**DESCRIPTION OF THE TASK:** Repeat the data exactly. Pictures stay out.

**DATASET EXTRACT:**
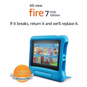 Fire 7 Kids Edition Tablet includes a Kid-Proof Case with built-in stand, 1-year of Amazon FreeTime Unlimited, and a 2-year worry-free guarantee.
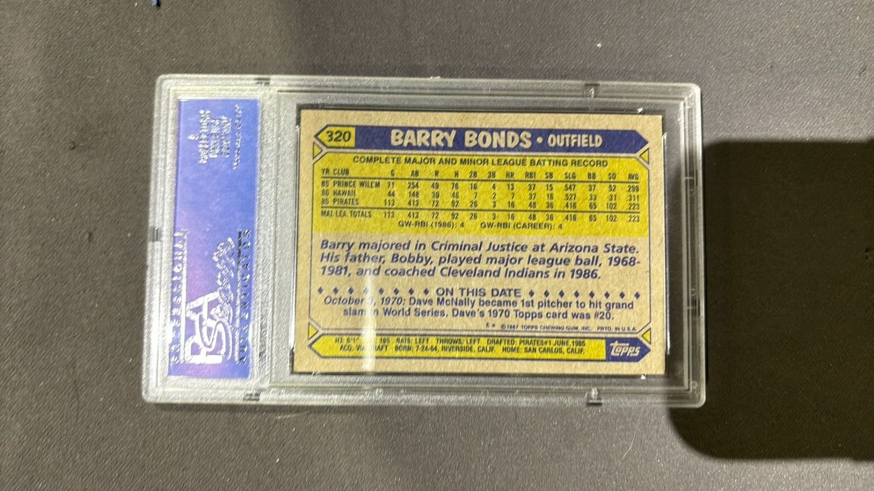 1987 LEAF BARRY BONDS ROOKIE 219, KSA GRADED - 6.5 ENM+
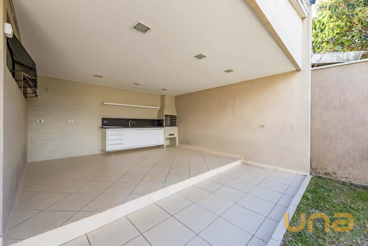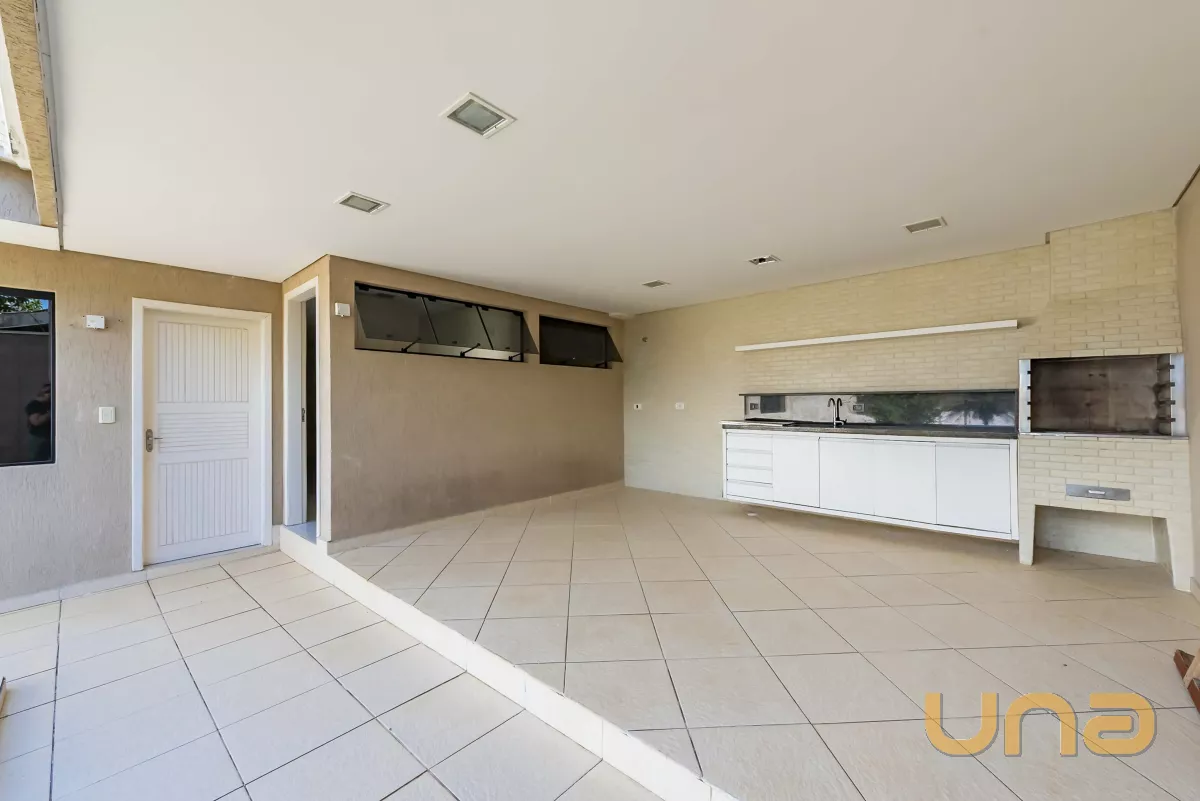 Espaço gourmet coberto com churrasqueira, de frente para um amplo terreno gramado

**TASK RESULT:**
 Fire 7 Kids Edition Tablet includes a Kid-Proof Case with built-in stand, 1-year of Amazon FreeTime Unlimited, and a 2-year worry-free guarantee.
 1987 LEAF BARRY BONDS ROOKIE 219, KSA GRADED - 6.5 ENM+
 Espaço gourmet coberto com churrasqueira, de frente para um amplo terreno gramado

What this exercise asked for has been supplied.